At least he wasn't a quitter.


----------



## DrSmile (Jul 22, 2006)

Best quote from here:

"He (Di Luca) was quoted in the Italian newspaper La Gazzetta on Wednesday morning saying: "Doping is a weakness, period. But it's disappeared from cycling and other sports."


----------



## love4himies (Jun 12, 2012)

What a dumbass.


----------



## Fireform (Dec 15, 2005)

DrSmile said:


> Best quote from here:
> 
> "He (Di Luca) was quoted in the Italian newspaper La Gazzetta on Wednesday morning saying: "Doping is a weakness, period. But it's disappeared from cycling and other sports."


Sure it is.


----------



## spade2you (May 12, 2009)

DrSmile said:


> Best quote from here:
> 
> "He (Di Luca) was quoted in the Italian newspaper La Gazzetta on Wednesday morning saying: "Doping is a weakness, period. *But it's disappeared from cycling and other sports."*


So he's a doper and a comedian? 

Sad Trombone


----------



## kbiker3111 (Nov 7, 2006)

I'm becoming a bigger and bigger fan of lifetime bans.


----------



## upstateSC-rider (Aug 21, 2004)

He was just flaunting it IMO, way too active in this years race. Idiot.


----------



## Wookiebiker (Sep 5, 2005)

But, but ... I thought all doping ended in 2006! :mad2:

How could this happen? The Bio-Passport is supposed to catch these dopers long before they turn up a positive :idea:

As I and several others on this forum have been saying ... though, many try and re-buff it with their showing of lower power levels, climbing speeds, etc. ... the peloton is still using. Anybody really think those ahead of him in the Giro are clean? Seriously?

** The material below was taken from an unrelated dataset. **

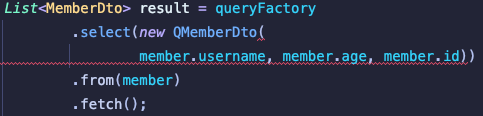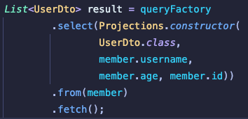 List<MemberDto> result = queryFactory .select(new QMemberDto(member.username, member.age)) .from(member) .fetch();projection이기에 select 부분만 보면 된다. QueryDsl의 Q 파일을 사용한다.
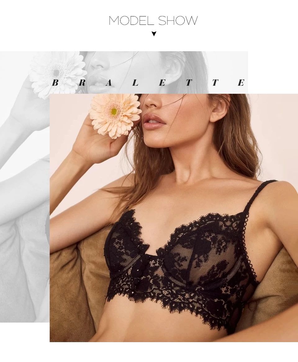 Комплект женского нижнего белья, кружевной бюстгальтер с эффектом ресниц и трусики

It's just being done at a slightly lower level which makes it look more believable and is harder to detect. Simple as that.

With that said ... get the racing back on, I'm missing stage 19 due to weather cancellation of the stage!


----------



## Wookiebiker (Sep 5, 2005)

upstateSC-rider said:


> He was just flaunting it IMO, way too active in this years race. Idiot.


Then Nibali must be throwing it in peoples faces ... up on the field by 4+ minutes ... the NERVE of some people!!! :mad2:

Then of course the 36 year old Evans destroying Di Luca in the overall ... he must be clean :mad2:

It's not a clean Peloton and the sooner everybody realizes that, the sooner we can all move on and remember ... it's entertainment and it should be taken as such.


----------



## spade2you (May 12, 2009)

upstateSC-rider said:


> He was just flaunting it IMO, way too active in this years race. Idiot.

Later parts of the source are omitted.